Essence and Energies: Being and Naming God in St Gregory Palamas by Tikhon Pino;

Author:Tikhon Pino; [Pino, Tikhon]
Language: eng
Format: epub
ISBN: 9781000684643
Publisher: TaylorFrancis
Published: 2022-09-15T00:00:00+00:00


4

Distinguishing Essence and Energies

DOI: 10.4324/9781003278757-5

Introduction

In the previous two chapters, we attempted to penetrate what St Gregory Palamas means by the term energies, analyzing both the broader lexicon for speaking of God’s essential powers, perfections, and attributes, as well as the debate surrounding their definition as actualities, operations, and activities.

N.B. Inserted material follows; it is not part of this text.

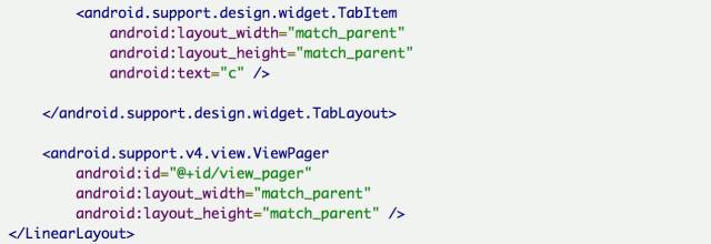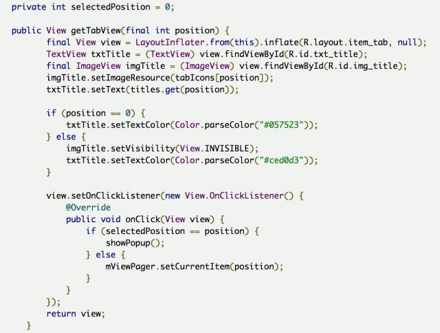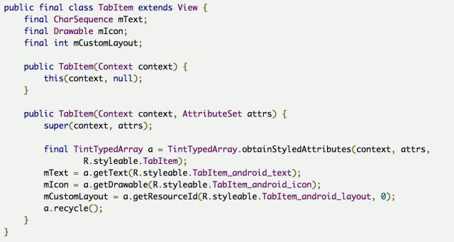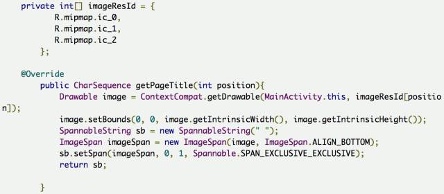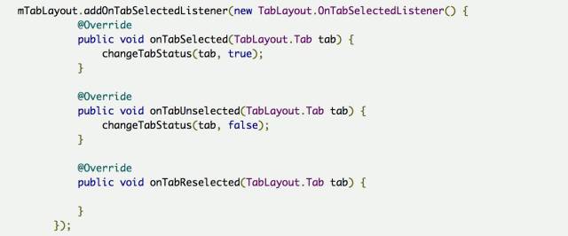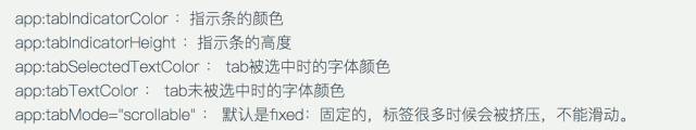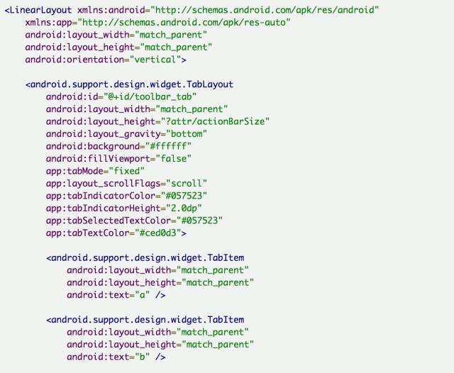 上代码,看效果 先来个简单通俗的代码: 上面代码的运行效果如下: 为了使用TabLayout,我们要让Activity继承自AppCompatActivity,但有时候你项目里的BaseActivity却是继承自FragmentActivity的,这就尴尬了。其实没关系的, AppCompatActivity 也是extends FragmentActivity的。可以把BaseActivity extends AppCompatActivity。如果不想这么做也可以,可以指定当前Activity的theme为 android:theme="@style/Theme.AppCompat" 然后build.gradle文件在dependencies里加上 compile 'com.android.support:design:25.0.0' 然后基本上就不会有什么问题了。 下面来解析下TabLayout的一些基本属性: 重要的属性基本就这些,其他简单的属性可以自己去摸索,这里选中和未选中的字体颜色,可以根据自己的设计自行修改,同样指示条的高度颜色也可以随意修改。 但假如我的设计里不需要指示条怎么办,好像没发现隐藏的API,那也很简单。有两个思路: app:tabIndicatorHeight="0dp" 2:把指示条的颜色设为透明: app:tabIndicatorColor="@color/transparent" 效果如下: TabItem 在高版本的design库里已经有了TabItem,TabItem是作为TabLayout的子View而配合使用的,点进去发现其实代码很简单,就是个自定义View。 所以当我们的需求能够明确知道Tab的个数时,可以在xml里直接添加TabItem。但是但是,心细的你不知道有没有发现问题,我在上面的代码中,tab明明设置的小写,但是运行出来确是大写: 事先申明我可没在代码里重新设置文本,就是这么操蛋。好在天无绝人之路,找到了一个属性叫app:tabTextAppearance,这是Tablayout的属性。TabItem代码简单到几乎没有什么属性可供设置,什么字体大小,颜色貌似都设置不了。 所以我们自己写了个样式,然后酱写: app:tabTextAppearance="@style/MyTabLayoutTextAppearance" MyTabLayoutTextAppearance里的代码如下: 这里的android:textAllCaps属性就是控制字体大小写的,TabLayout里默认是true,我们手动改成false即可,我们顺便设置了下字体。 但是但是,问题又来了,我设置的字体大小貌似没什么卵用,无论我怎么调节字体大小就是不变。呵呵,还是要从tabTextAppearance这个属性来着手。 下面我们把代码改成这样: app:tabTextAppearance="@android:style/TextAppearance.Holo.Large" 这下好了,字体的大小写解决了,字体大小也解决了。这样的属性我们找到了3组, 大 小 分别设置字体为大中小,说实话,这玩意真的不太好用,跟其他控件比起来,这个属性设置有点绕。 不要用文本了,改成icon吧,wtf,TabItem根本没有这样的属性啊,TabLayout貌似也没有啊。怎么搞?TabLayout没有明确地提供向Tab中设置图标的途径,但是很多事情总可以另辟蹊径。我们知道,Tab是使用adapter中的getPageTitle()方法做其显示的内容,这个方法返回类型为CharSequence。于是,我们可以在PagerAdapter中重写getPageTitle()方法,创建一个SpannableString,而将图标放置在ImageSpan中,设置在SpannableString中: 好了,运行起来,效果有了。 要不改成icon+文本吧?呵呵。。。又改??? 还好还好,至于图片的select效果应该很easy了,就不演示了,效果如下。 图片在左边?要不放右边吧,不不不,放上面,算了算了,放下面吧。到底放哪??? icon在右边 icon在上边 可以发现通过自定义View的方式我们可以随意摆放文本和icon的位置,无所谓上下左右,处理起来都是一样的。甚至一个tab想放两个icon或者两个文本什么的都不在话下。总体来讲Tablayout的坑还是蛮多的,很多API都没提供,或者提供了但留了很多坑,这很google,一方面给你一个很常用的控件,一方面这个控件又留了很多坑,最后这个控件带给你无限想象和发挥,根据自己的想法,动手去实现吧。 关于自定义Tablayout我们放在后面再说,我们再来看看Tablayout的一些其他“坑”。 开发过程中有同学需要修改abIndicator这个指示条的长度。关于这个问题我只能又呵呵了,因为控件居然没有提供修改tabIndicator长度的API。如果非要强行修改就只能用反射了,但有时候需求就是这么操蛋。直接上代码吧,调用下面这个方法,传入左右间距即可,具体长度可以根据实际情况调试。 setIndicator(this, mTabLayout, 20, 20); 运行效果如下: 又有同学提到TabItem动态添加比较好,那是自然的,很多时候我们的数据可能是从服务器下来的,具体有多少个TabItem 有可能也是不太确定的,这个时候当然是动态添加比较好。关于TabItem 的动态添加也很简单。 或许有些时候是从一个集合里读取数据填充,那就要来个for循环了,这个根据自己的实际情况来定。 到现在我们还没有上TabLayout的用法相关代码,下面我们来一个相对标准的使用简介,通常情况下大家会这么写。 运行起来之后,居然是这个样子的。我的标题呢? 官方推荐我们使用setupWithViewPager()方法,来完成这种Tablayout+Viewpager+Fragment组合的数据绑定,上面的代码实在看不出上面问题,但是我的标题呢?我们点进setupWithViewPager()方法查阅了下源码。 这个方法也不算太长,只是对viewPager的状态做了一些检查校验,设置了一些监听。看这一句: setPagerAdapter方法里又调用populateFromPagerAdapter(); 点进populateFromPagerAdapter() 方法第一句就是removeAllTabs(); 就是这么简单粗暴,直接全部清理掉了,我们且不去探讨源码中的这个逻辑是否有问题,单就setupWithViewPager()这个方法来说,这也算是一个不大不小的坑。所以我们自己在写代码的时候要注意避让。那关于上面我们自己写的代码就要做些调整,我们修改下initFragment方法,主要是代码语句的顺序上做些调整,如下: 代码逻辑上,我们在setupWithViewPa

In the present chapter, we turn to the ways that Palamas seeks to defend the distinction between essence and energies and how he attempts to prove that God’s energies cannot be identified with the divine nature or substance.

Although the distinction between God’s essence and energies formed but one element of a nexus of contested ideas in the prolonged contest between Gregory and his successive opponents, it was widely seen as the central and most important problem of the controversy. Given the opportunity, in 1355, to choose the starting point of a major public debate with Palamas in the presence of the emperor, Nikephoros Gregoras opted to begin the discussion not with the problem of the Thaboric light or the experience of the hesychasts but with the embattled distinction that has since become synonymous with the name of Palamas. “The Philosopher,” the report states, “began with the essence and energy of God, saying that there was no difference between them, since everything that is different from the essence is a creature.”1 Yet how exactly did Palamas counter this position? Voluminous though the secondary literature on St Gregory Palamas has been, a complete overview of the logic and argumentation used by Palamas to establish and defend the distinction between essence and energies has not, to date, been undertaken by scholars. The present chapter therefore seeks to fill this gap by outlining and collating the many arguments, syllogisms, and proofs that Palamas articulates throughout his corpus to show that God’s essential attributes and powers cannot be identical to ‘what’ God is. Although it cannot pretend to offer a complete catalog of Gregory’s myriad arguments, it attempts to cover the main lines and themes that govern his discourse throughout his career.

The terminology for the ‘distinction’ between essence and energies centers, especially, on the language of difference (διαφορά, διαφέρειν, διενηνοχέναι)2 as well as the language of otherness so that essence is one thing and energy another (ἕτερον καὶ ἕτερον, ἄλλο καὶ ἄλλο). For Palamas, the two are not identical, or one and the same thing (ταὐτόν), in the sense of being interchangeable or reducible one to the other. The majority of Gregory’s arguments for why this must be are repeated consistently, in one form or another, throughout his career. As a whole, they can be grouped into five categories, representing the primary motivations for distinguishing between God’s essential attributes and the essence in which they inhere. The first two categories center on the problem of antinomy, or the coincidence of opposites in God. The term antinomy itself is a modern designation and one that is not without controversy. Polycarp Sherwood, in his critique of Neo-Palamite theology notes that the term as it is used today “is current … only from the time of Kant.